Work instruction -
The lines in the listing below are to be given again exactly, starting at the line holding "On April 2, 1958, after" and ending at the line holding "Лента Twilly Hermes". Do not include pictures.

Data provided -
*** Begin section ***
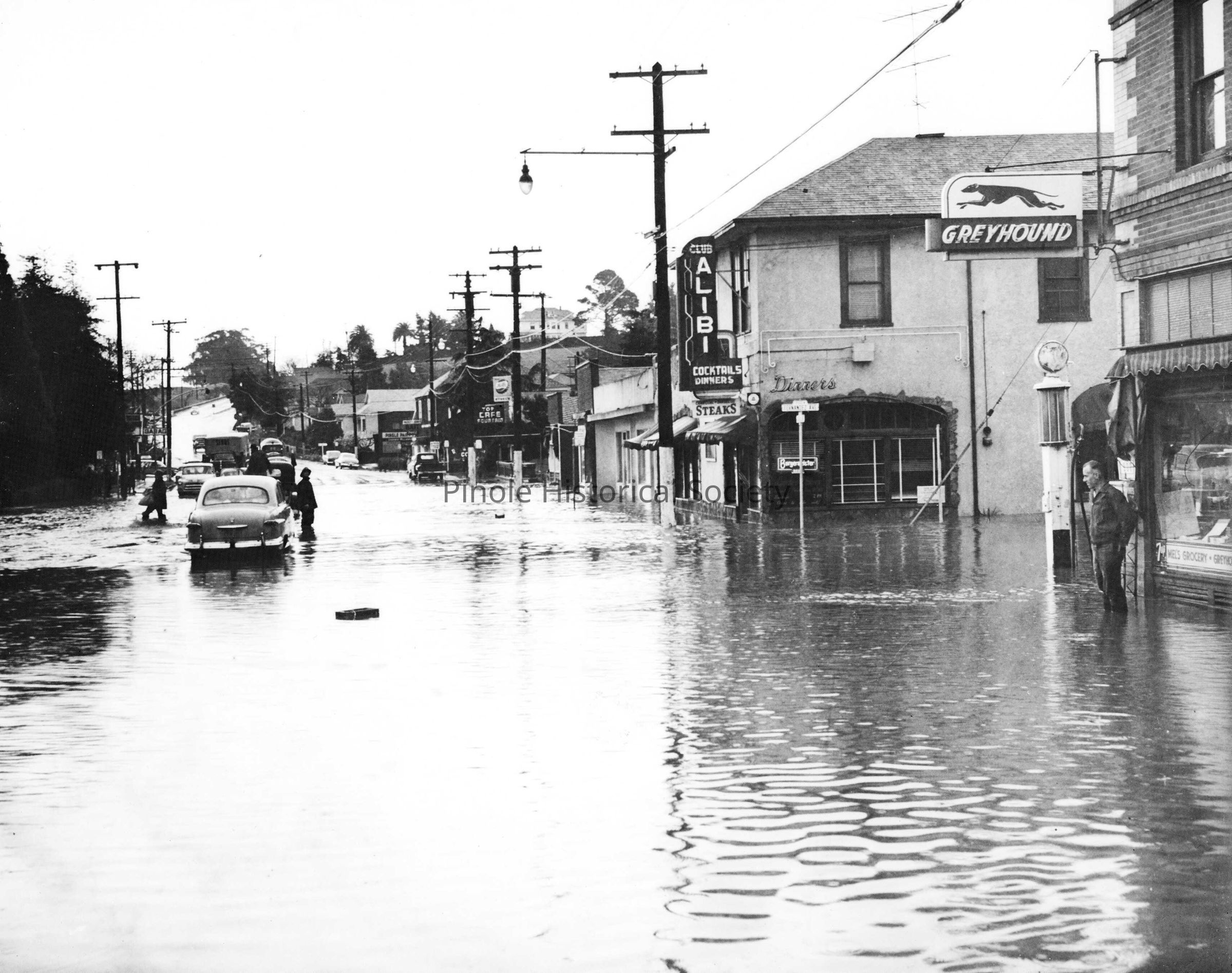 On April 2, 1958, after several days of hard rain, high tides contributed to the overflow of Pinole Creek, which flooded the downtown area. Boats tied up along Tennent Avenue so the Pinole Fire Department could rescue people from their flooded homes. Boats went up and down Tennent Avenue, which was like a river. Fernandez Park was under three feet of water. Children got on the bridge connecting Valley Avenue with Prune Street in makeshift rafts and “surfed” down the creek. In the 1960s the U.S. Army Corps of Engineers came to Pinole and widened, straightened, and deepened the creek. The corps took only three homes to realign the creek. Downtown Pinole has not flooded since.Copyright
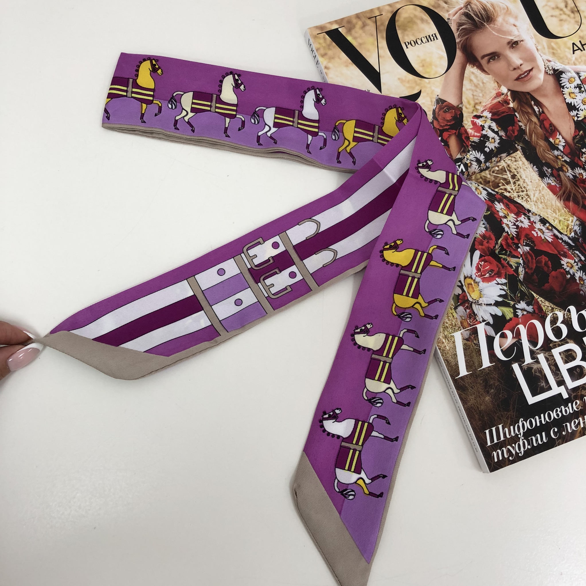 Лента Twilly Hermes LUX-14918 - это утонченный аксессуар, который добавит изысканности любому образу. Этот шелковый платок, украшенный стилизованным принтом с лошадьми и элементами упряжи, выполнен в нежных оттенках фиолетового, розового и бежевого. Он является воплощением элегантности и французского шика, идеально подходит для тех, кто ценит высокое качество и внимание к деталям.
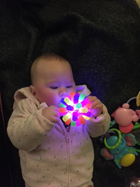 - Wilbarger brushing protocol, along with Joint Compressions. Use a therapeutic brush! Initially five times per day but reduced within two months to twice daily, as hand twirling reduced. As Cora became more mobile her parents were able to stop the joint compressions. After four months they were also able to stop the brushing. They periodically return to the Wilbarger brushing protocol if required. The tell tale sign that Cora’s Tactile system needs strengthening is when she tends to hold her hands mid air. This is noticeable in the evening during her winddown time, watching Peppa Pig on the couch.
*** End section ***
*** Begin section ***
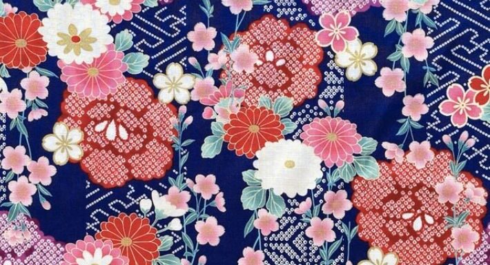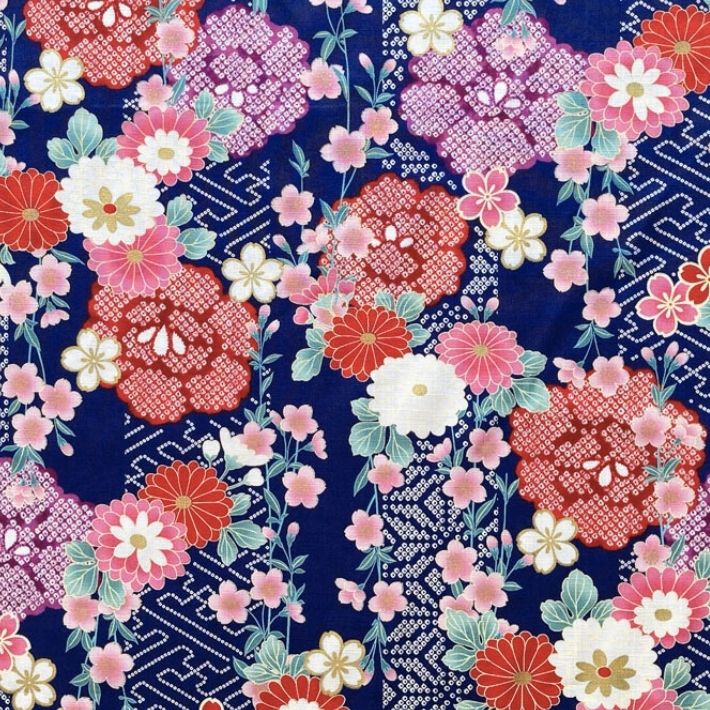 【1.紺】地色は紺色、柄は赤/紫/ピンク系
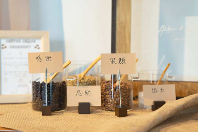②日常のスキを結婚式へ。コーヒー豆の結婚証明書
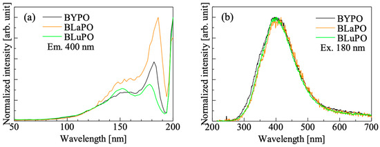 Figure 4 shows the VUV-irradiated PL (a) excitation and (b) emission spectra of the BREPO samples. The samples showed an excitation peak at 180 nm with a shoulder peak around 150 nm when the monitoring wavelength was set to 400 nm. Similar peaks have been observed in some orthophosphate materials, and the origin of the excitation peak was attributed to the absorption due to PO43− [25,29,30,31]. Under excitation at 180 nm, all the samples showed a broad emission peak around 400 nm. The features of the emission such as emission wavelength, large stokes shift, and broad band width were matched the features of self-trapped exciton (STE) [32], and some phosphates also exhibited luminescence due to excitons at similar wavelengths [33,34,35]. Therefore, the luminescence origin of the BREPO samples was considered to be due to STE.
*** End section ***
*** Begin section ***
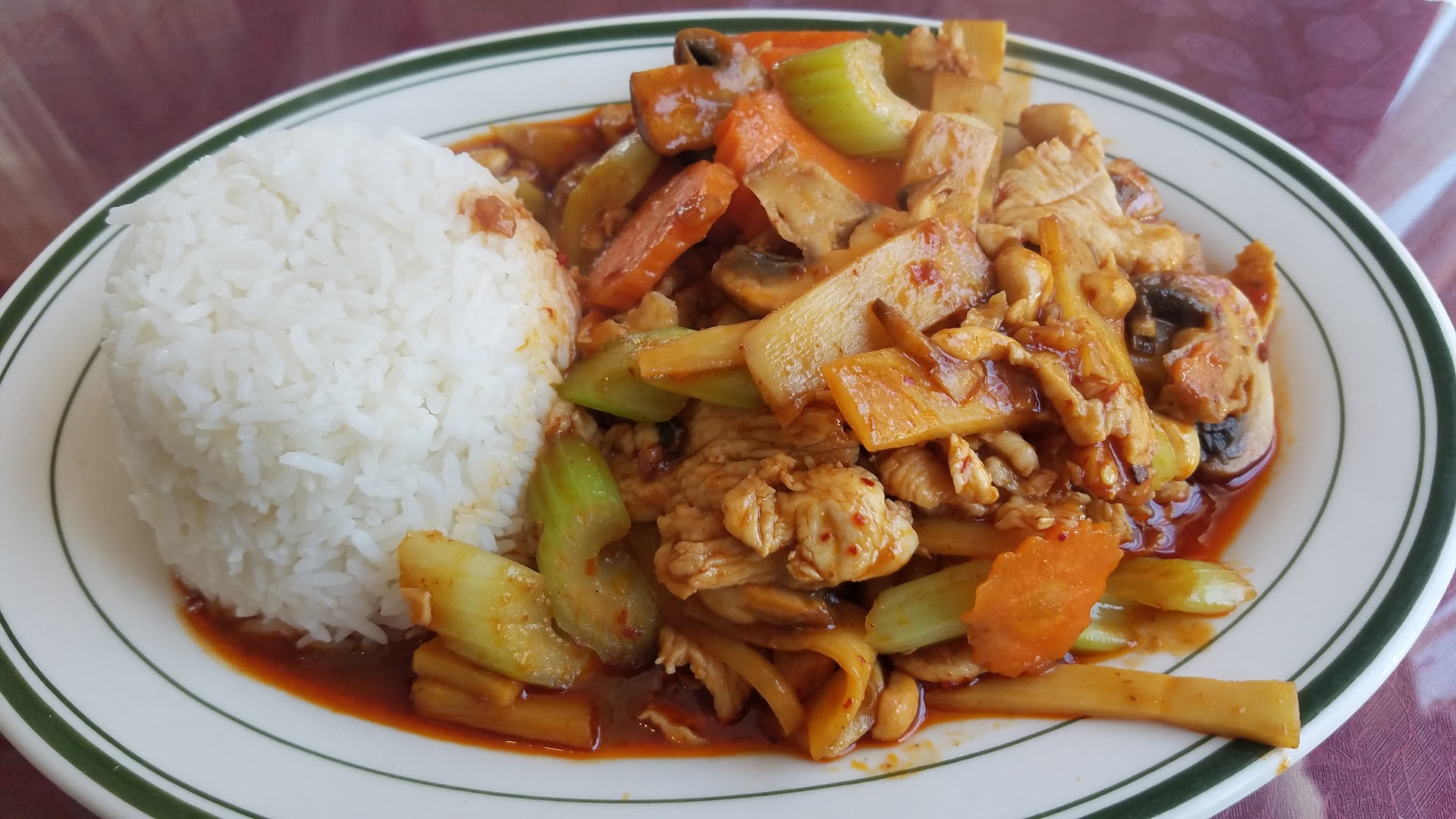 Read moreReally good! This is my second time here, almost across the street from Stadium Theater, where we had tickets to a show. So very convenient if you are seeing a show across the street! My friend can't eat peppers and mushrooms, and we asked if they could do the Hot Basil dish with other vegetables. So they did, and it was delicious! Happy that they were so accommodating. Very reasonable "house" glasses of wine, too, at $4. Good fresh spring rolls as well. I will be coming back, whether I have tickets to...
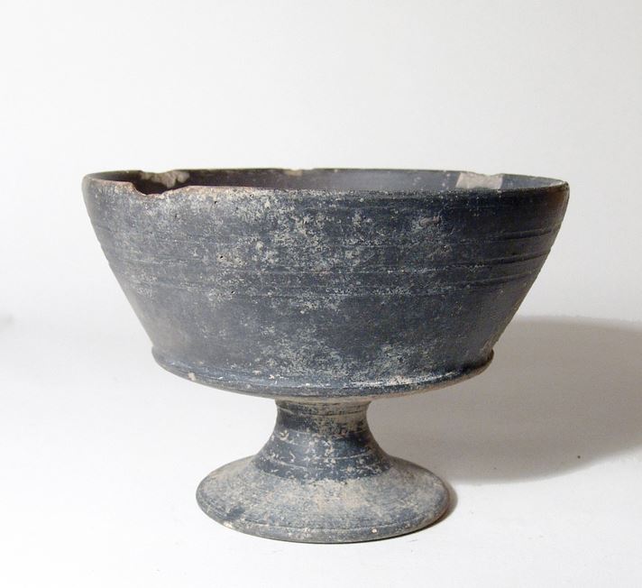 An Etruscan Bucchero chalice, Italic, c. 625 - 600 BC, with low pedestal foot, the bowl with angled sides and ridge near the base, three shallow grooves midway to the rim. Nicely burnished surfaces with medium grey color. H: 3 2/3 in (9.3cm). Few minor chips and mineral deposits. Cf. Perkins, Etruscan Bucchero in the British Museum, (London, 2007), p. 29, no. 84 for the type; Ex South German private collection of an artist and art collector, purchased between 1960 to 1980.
*** End section ***
Written answer -
 On April 2, 1958, after several days of hard rain, high tides contributed to the overflow of Pinole Creek, which flooded the downtown area. Boats tied up along Tennent Avenue so the Pinole Fire Department could rescue people from their flooded homes. Boats went up and down Tennent Avenue, which was like a river. Fernandez Park was under three feet of water. Children got on the bridge connecting Valley Avenue with Prune Street in makeshift rafts and “surfed” down the creek. In the 1960s the U.S. Army Corps of Engineers came to Pinole and widened, straightened, and deepened the creek. The corps took only three homes to realign the creek. Downtown Pinole has not flooded since.Copyright
 Лента Twilly Hermes LUX-14918 - это утонченный аксессуар, который добавит изысканности любому образу. Этот шелковый платок, украшенный стилизованным принтом с лошадьми и элементами упряжи, выполнен в нежных оттенках фиолетового, розового и бежевого. Он является воплощением элегантности и французского шика, идеально подходит для тех, кто ценит высокое качество и внимание к деталям.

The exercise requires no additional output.